En octubre de 1740, Ana Ioannovna falleció, proclamando como su sucesor a un bebé, hijo de su sobrina Ana Leopóldovna. Sí, a pesar de su tío, Pedro el Grande, Ana I dejó un testamento con una voluntad explícita que no cayó bien a muchos en la corte: el todopoderoso forastero Birón figuraba como regente. El nivel de descontento fue tal que muy pronto, prácticamente un mes después de la muerte de su amante, Birón fue despojado de toda su autoridad mediante un golpe en el marco de la llamada Batalla de los Palacios, encabezada esta vez por el mariscal de campo Burkhard Munnich y la madre del nene sucesor, Ana Leopóldovna.

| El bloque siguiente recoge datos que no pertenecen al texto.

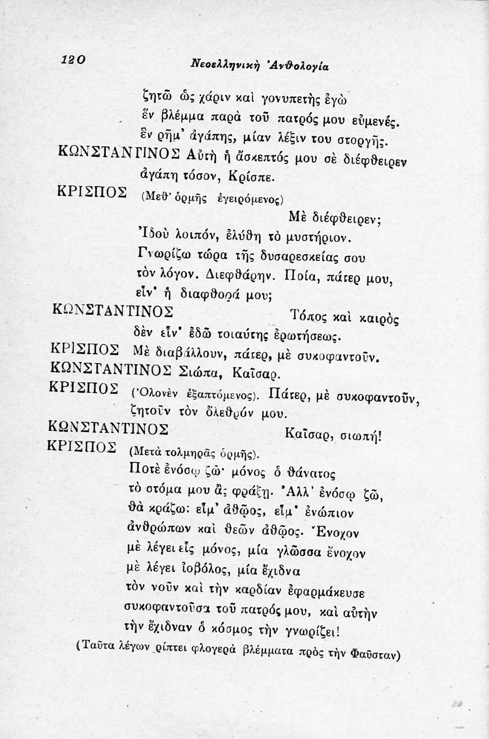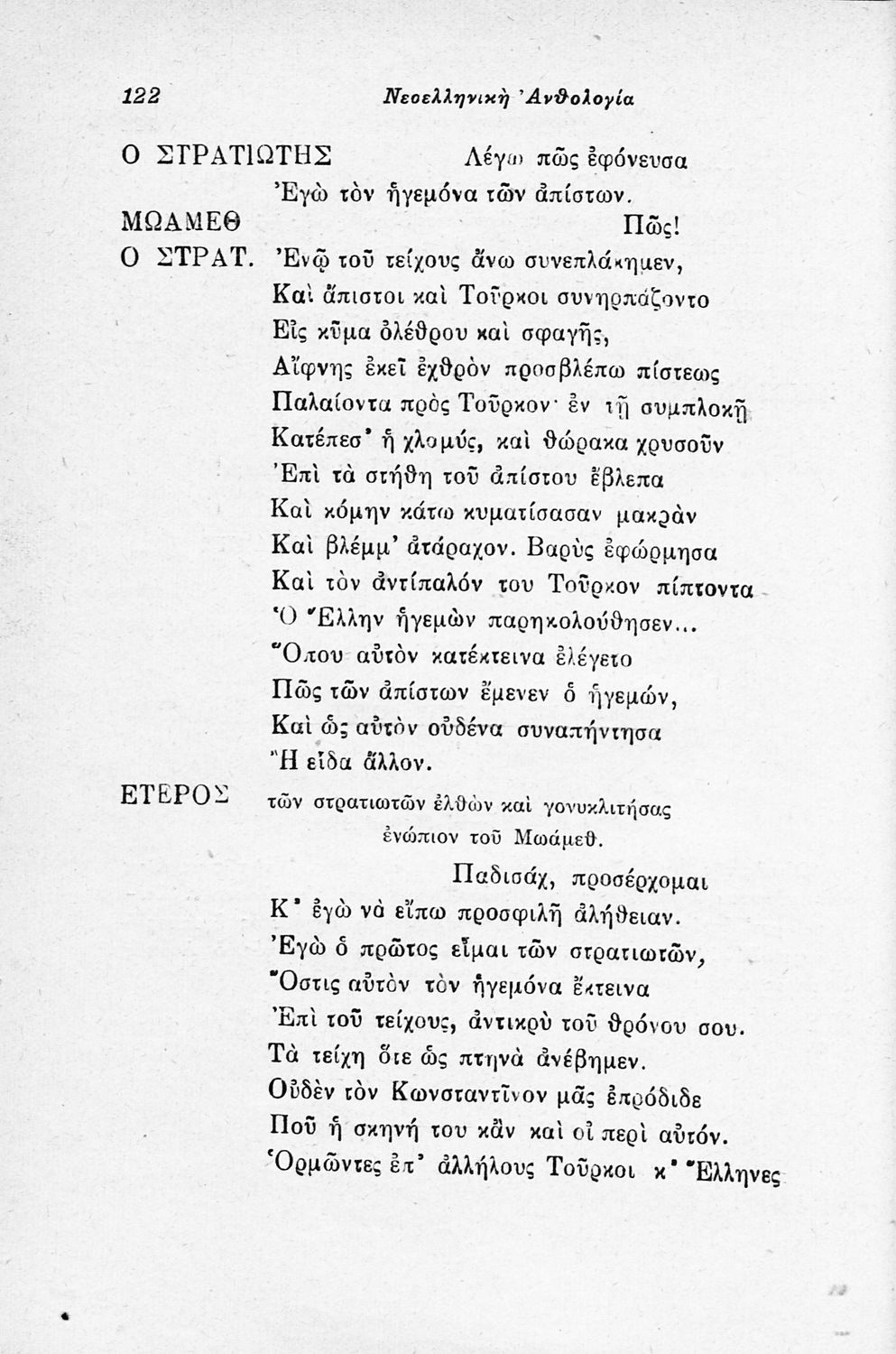 Νεοελληνική Ανθολογία επική ποίησις-δραματική ποίησις-λυρική ποίησις προς χρήσιν των τριών τάξεων των διδασκαλείων και ανάγνωσιν κατ΄ οίκον υπό των μαθητών της Γ΄ και Δ΄ τάξεων των Γυμνασίων

Sin embargo, Munnich, quien pese a ser forastero, gozaba de cierto nivel de respeto en determinados círculos del Ejército por sus méritos profesionales, tampoco duró mucho. La nostalgia de la guardia por los tiempos de Pedro I, así como una serie de intrigas lideradas por el entonces embajador francés desembocaron en que la noche del 25 de noviembre de 1741 la hija del primer emperador ruso, Elizaveta Petrovna, abanderara un complot para deponer a Ioann Antónovich y a su madre Ana Leopóldovna del trono. 

La hija de Pedro I, que durante décadas había mantenido un perfil bajo, esperando su ‘hora H’, subió al trono sin sangre ni ejecuciones. No obstante, el miedo constante, y no sin razón, de una nueva trama golpista, esta vez en su contra, forzó a Elizaveta Petrovna a convertir la vida del bebé de su examiga en un calvario incesante. Primero, la familia de Ana Leopóldovna, junto con su marido Antón Ulrich, fue enviada a Riga, en el extremo occidental del Imperio. En 1744, la voluntad de la monarca hizo que los trasladasen a la provincia central de Riazán, hasta que finalmente fueron enviados a la localidad de Jolmogory, en el norte de Rusia, muy lejos de los ojos ansiosos de restaurar en sus derechos al, digamos, legítimo emperador ruso. 

Pesadillas imperiales

Desde este punto y hasta su muerte, la vida de Ioann Antónovich tomó una línea recta, porque cada día debía de parecer igual. Era un preso, pero un preso sin condena. No sabían de él ni sus propios padres, que vivían en el mismo edificio separados solo por una pared. Mientras, Elizaveta Petrovna, como cualquier monarca en su sano juicio, se deshacía con fervor de todo lo que pudiera recordar a la efímera presencia del bebé en el trono ruso.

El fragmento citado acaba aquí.